Zumindest aber gibt es eine sichere Erkenntnis: Unter den Inselsauropoden, die vor Millionen Jahren im heutigen Westrumänien lebten, variierte die Körpergröße teilweise sehr stark. Im Unterschied zum riesengroßen Uriash kadici waren Magyarosaurus dacus und Petrustitan hungaricus mit einer Körperlänge von zwei Metern vergleichsweise kleine Sauropoden. Nicht nur in puncto Größe unterschieden sich die Inselbewohner voneinander, sondern auch in ihrem bevorzugten Lebensraum: Magyarosaurus und Petrustitan konnten sich nur in den niedrigeren Ebenen ernähren. Allein wegen seiner Größe war Uriash kadici im Stande, von Bäumen zu fressen. „Diese Erkenntnis sagt uns, dass diese Arten einen Lebensraum teilen konnten und friedlich koexistierten“, erklärt Verónica Díez Díaz. Mit absoluter Gewissheit jedoch wissen die Studienautoren nicht, ob die drei Arten wirklich zur selben Zeit auf jener Insel gelebt haben. Die Wahrscheinlichkeit, dass dies so gewesen ist, sei jedoch sehr hoch, betont Díez Díaz und führt weiter aus: „Das ist ein Grundproblem von Paläontologie: Wir arbeiten mit Zeiträumen von Millionen Jahren. Meist sind die Rückdatierungen nicht exakt, sodass wir plus/minus fünf Millionen Jahre angeben müssen.“
Überdies beleuchtet die Studie einen anderen interessanten Aspekt: Es lassen sich Verbindungen zwischen den europäischen Dinosaurierarten und ihren Verwandten in Afrika, Asien und Südamerika nachweisen. „Es gibt drei Hypothesen, warum das so gewesen sein könnte“, erzählt die Forscherin. Die Studienautoren gehen unter anderem von einem sogenannten „Saurier-Endemismus“ aus, also einem Vorkommen der Saurier auf einem räumlich begrenzten Gebiet. „In Europa lebten kleinere Arten wie Magyarosaurus und Petrustitan hungaricus, die möglicherweise aus Asien eingewandert sind. Die großen Sauropodenarten wanderten von Afrika nach Europa, wo sie auch Inseln besiedelten“, erklärt Verónica Díez Díaz. Um diese Hypothese weiter auf ihre Stichhaltigkeit zu überprüfen, müsste allerdings das Datenmaterial aus den vergangenen 20 Jahren weiter ausgewertet werden. Und dafür braucht es neben den zeitlichen insbesondere auch ausreichend personelle Ressourcen.

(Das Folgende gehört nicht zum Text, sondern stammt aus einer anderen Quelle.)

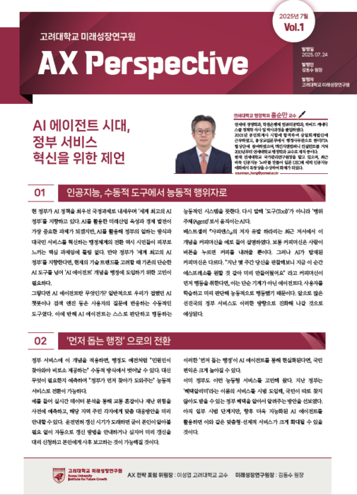 AX퍼스펙티브고려대학교미래성장연구원이운영하는AX전략포럼은인공지능전환(AX)이슈에관한포럼전문가들의분석과대안을담은'AX퍼스펙티브'를정기발간한다고27일밝혔다.AX퍼스펙티브는창간호로'AI에이전트시대,정부서비스혁신을위한제언'을발간했다.창간호는홍순만연세대행정학과교수가집필했다.홍교수는공인회계사출신으로맥킨지앤컴퍼니컨설턴트를거쳐현재연세대국가관리연구원장을맡고있으며,최근바둑인공지능'노바'로세계인공지능대회독창상을수상한AI전문가다.홍교수는정부가'세계최고의AI정부'를실현을위해기존의수동적AI도구를넘어능동적으로판단하고행동하는'AI에이전트(agent)'개념을행정에도입해야한다고제언했다.AI에이전트도입의주요제도적장벽으로△신청주의행정체계의한계△데이터연계와개인정보보호의장벽△공직사회의감사부담과책임문제△경직된예산편성절차등네가지를지적했다.국민이직접신청해야만서비스를받을수있어기존의신청주의행정체계가AI의능동적서비스와상충하고,부처간칸막이행정과개인정보규제로인해데이터통합활용이어려운실정이라고진단했다.또한AI오류발생시책임소재불분명과감사위험에대한부담,AI시스템도입에최소2∼3년이소요되는경직된예산구조등이혁신의걸림돌이되고있다고분석했다.이에대한개선방안으로AI에이전트도입을위한단계적로드맵수립과시범사업을통한제도개선효과검증을제안하며,법령정비,공직문화혁신,예산제도유연화등의병행추진을강조했다.AX전략포럼위원장인이성엽고려대교수는“에이전트AI도입등공공AX는민간AX를리드하는마중물역할을해야하지만,개인정보및국가기밀보호규제,행정처분의경우기속행위에만허용되는한계,공적결정을AI에게맡기는것에대한이념적문제등으로인해여러제약이있는만큼조속히이에대한사회적공론화와합의를진행해야할것”이라고말했다.박지성기자[email protected]©전자신문.무단전재및재배포금지.

Mit den neuesten Informationen werden jedenfalls die europäischen Paläontologen in die Lage versetzt, genauer an der Anatomie und Taxonomie, das heißt der wissenschaftlich-systematischen Einordnung der Lebewesen zu arbeiten. „Auch für die heutige Zeit ist das paläontologische Wissen essenziell. Inseln sind sehr wichtige Orte, anhand derer wir die Biodiversität und das Ökosystem weiter erforschen können“, sagt Verónica Díez Díaz. Dazu komme, dass immer wieder neue Fundstellen neues Material liefern. Das wiederum helfe den Paläontologen, die unvorstellbar weit zurückliegende Zeit der Dinosaurier besser verstehen zu können.